Les deux villages suisses qui parlaient yiddish

Photo: IStock archives

La paisible Argovie cache un trésor: les vestiges de quatre siècles de présence juive en Suisse. Un sentier retrace l’étonnant héritage de Lengnau et d’Endingen.

La campagne argovienne: des dizaines de kilomètres de pâturages, de magnifiques fermes, un paysage imperturbable sous un soleil radieux. C’est au milieu de ce canton si tranquille que s’écrit une page importante de l’histoire suisse.

Car pendant quatre cents ans, les communes de Lengnau et d’Endingen sont les témoins de la présence juive en terre helvétique, strictement circonscrite: la communauté israélite a eu, jusqu’en 1866, l’interdiction de s’établir ailleurs. Tolérée, acceptée même, mais pas intégrée. Une attitude courante en Europe jusqu’à il n’y a pas si longtemps. Confinés dans ces deux bourgs, les juifs y ont laissé leur empreinte. Il s’agit d’organiser la vie de la petite communauté, qui compte, en 1850, 900 personnes à Endingen (50% de la population) et 525 à Lengnau (30% de la population). Synagogues, mikveh, cimetière, écoles et boulangerie casher ont reçu en 1993 le Prix de la protection de l’héritage culturel d’Argovie.

Sur les traces du Sentier culturel juif imaginé par les communes, Franz Laube, un agriculteur catholique aux yeux bleus et au franc sourire, est mon guide. La visite commence dans la synagogue de cette petite commune, dans laquelle l’Argovien me dresse un portrait de la vie juive d’alors. «Les israélites étaient commerçants, puisqu’ils n’avaient pas le droit de posséder la terre. Ceux qui vivaient ici sont venus d’Europe orientale, ils parlaient le yiddish.» La Seconde Guerre mondiale a eu un impact ici aussi. «Près de septante juifs allemands ont été accueillis à la hâte à l’arrivée du nazisme», souligne Franz Laube. Il faut dire que la frontière allemande n’est pas loin…

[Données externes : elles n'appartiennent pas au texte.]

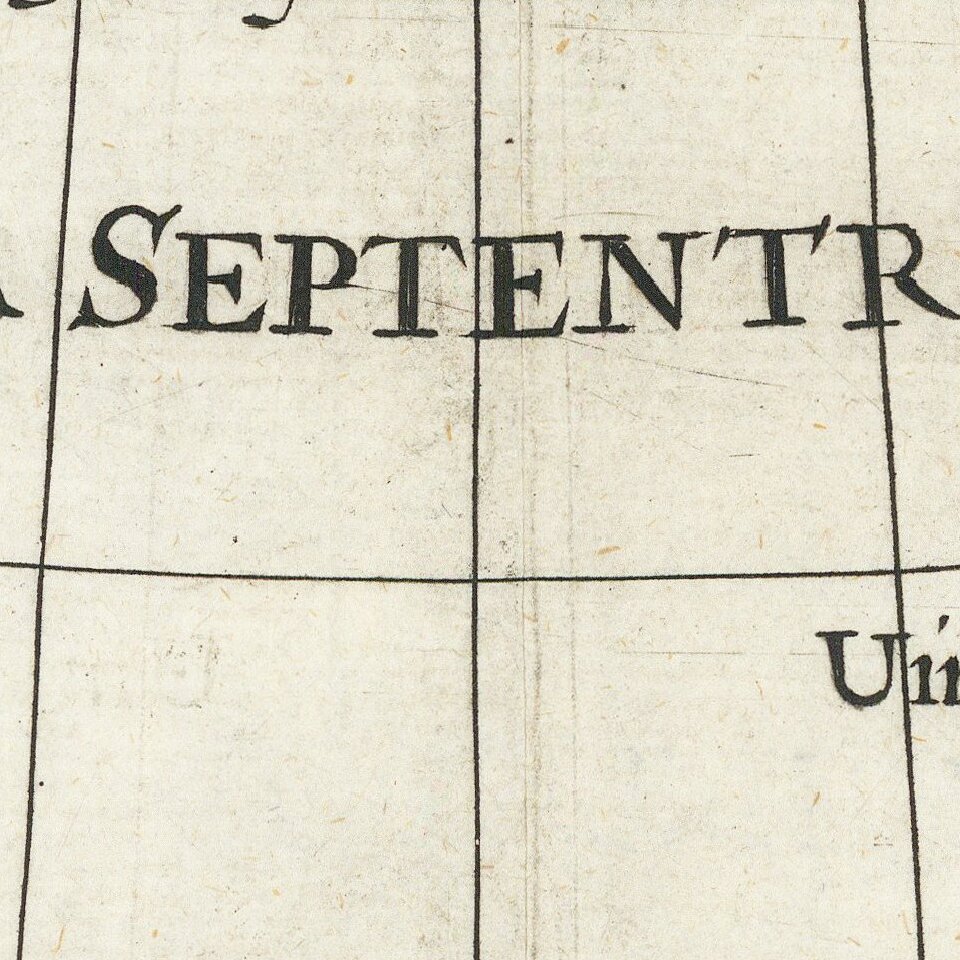 This emphasis on the Northwest Passage is reflected in the notes included in the interior of North America, which explain how the height of the tides observed by Thomas Button throughout Hudson’s Bay strongly suggested the existence of the much-hoped-for passage. Button had recently completed a voyage of discovery in the west of Hudson’s Bay in 1612-3. The focus on the Northwest Passage was also underlined by the location of the map in Purchas’ edited work. It was included alongside A treatise of the North-West Passage, also by Briggs, in volume three of Purchas’ collection.

Nous partons explorer les ruelles de Lengnau. La synagogue est incontournable. Construite en 1874, elle accueille alors 500 fidèles. Elle est venue remplacer le premier lieu de culte juif de Suisse, construit en 1750 lorsque la petite communauté comptait trente-neuf familles. Dans Lengnau, on ne manquera pas non plus la boulangerie Matzo, utilisée à ses débuts aussi comme bain rituel et comme école. «Le mot matzo désigne le pain sans levain consommé à Pâques pour commémorer la fuite d’Egypte», précise Franz Laube. Le bâtiment, situé au détour d’une ruelle, est laissé à l’abandon depuis 1993.

Passant devant une maison juive typique, mon guide raconte que, les juifs n’ayant longtemps pas eu le droit d’acheter de biens, ils louaient leur logement. Deux familles, chrétienne et juive, vivaient alors sous le même toit… mais avec des entrées séparées: il était interdit de se mêler aux israélites…

Cimetière juif
De retour sur la place du village, Franz Laube me propose de voir le cimetière juif, à vingt minutes à pied de Lengnau. Ce lieu paisible, construit en 1750, rappelle le fameux cimetière juif de Prague. Les pierres tombales gravées en hébreu sont entourées d’arbres centenaires, d’herbes folles. La tradition israélite veut que les restes des défunts ne soient déplacés sous aucun prétexte. Se promener dans ce vieux cimetière ressemble donc à une visite dans un musée à ciel ouvert où chaque pierre tombale est un morceau de la vie juive d’Argovie. Du côté d’Endingen, ne manquez pas la synagogue construite en 1764 et agrandie en 1852. Le style arabo-islamique de l’intérieur rappelle l’héritage oriental du judaïsme. Endingen compte également des résidences juives typiques, une école, un mikveh et un abattoir rituel.

Quatre cents ans de présence juive. Cela fait longtemps que plus personne ne parle yiddish à Lengnau ou à Endingen: les descendants des commerçants argoviens juifs ont été chercher ailleurs – dans d’autres cantons ou plus loin – la suite de leur histoire. Ce sont désormais les pierres qui parlent. Ce qu’elles ont à raconter est notre histoire à tous: celle de la coexistence. Venez les écouter.